Re: [PATCH 1/8] midx: start tracking per object database source

[Date Prev][Date Next][Thread Prev][Thread Next][Date Index][Thread Index]

 



On 25/07/09 09:54AM, Patrick Steinhardt wrote:
> Multi-pack indices are tracked via `struct multi_pack_index`. This data
> structure is stored as a linked list inside `struct object_database`,
> which is the global database that spans across all of the object
> sources.
> 
> This layout causes two problems:
> 
>   - Multi-pack indices aren't global to an object database, but instead
>     there can be one multi-pack index per source. This creates a
>     mismatch between the on-disk layout and how things are organized in
>     the object database subsystems and makes some parts, like figuring
>     out whether a source has an MIDX, quite awkward.

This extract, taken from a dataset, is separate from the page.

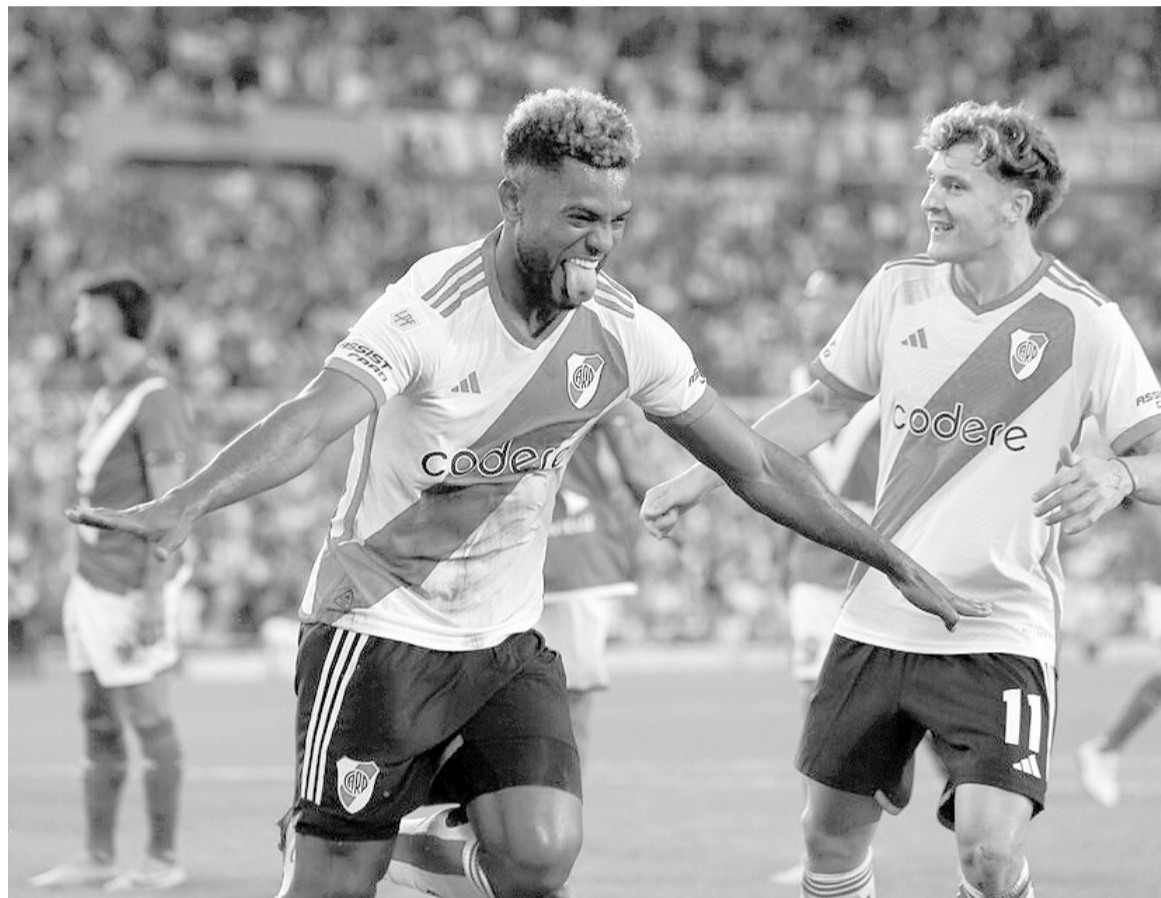
El millonario tuvo una actuación memorable. WEB

El Millonario le propinó un 5 a 0 a Vélez para la historia en el estadio Monumental. Hat-trick de Borja y doblete de Colidio para el triunfo.

In a future where there is a separate implementation for each object
source, each multi-pack index is really only relevant for a particular
source. Some source implementations will also not require a midx to
begin with. For organization purposes, tracking a single midx per source
for now seems much more ideal.

>   - Multi-pack indices are an implementation detail of how efficient
>     access for packfiles work. As such, they are neither relevant in the
>     context of loose objects, nor in a potential future where we have
>     pluggable backends.

Agreed.

> Refactor `prepare_multi_pack_index_one()` so that it works on a specific
> source, which allows us to easily store a pointer to the multi-pack
> index inside of it. For now, this pointer exists next to the existing
> linked list we have in the object database. Users will be adjusted in
> subsequent patches to instead use the per-source pointers.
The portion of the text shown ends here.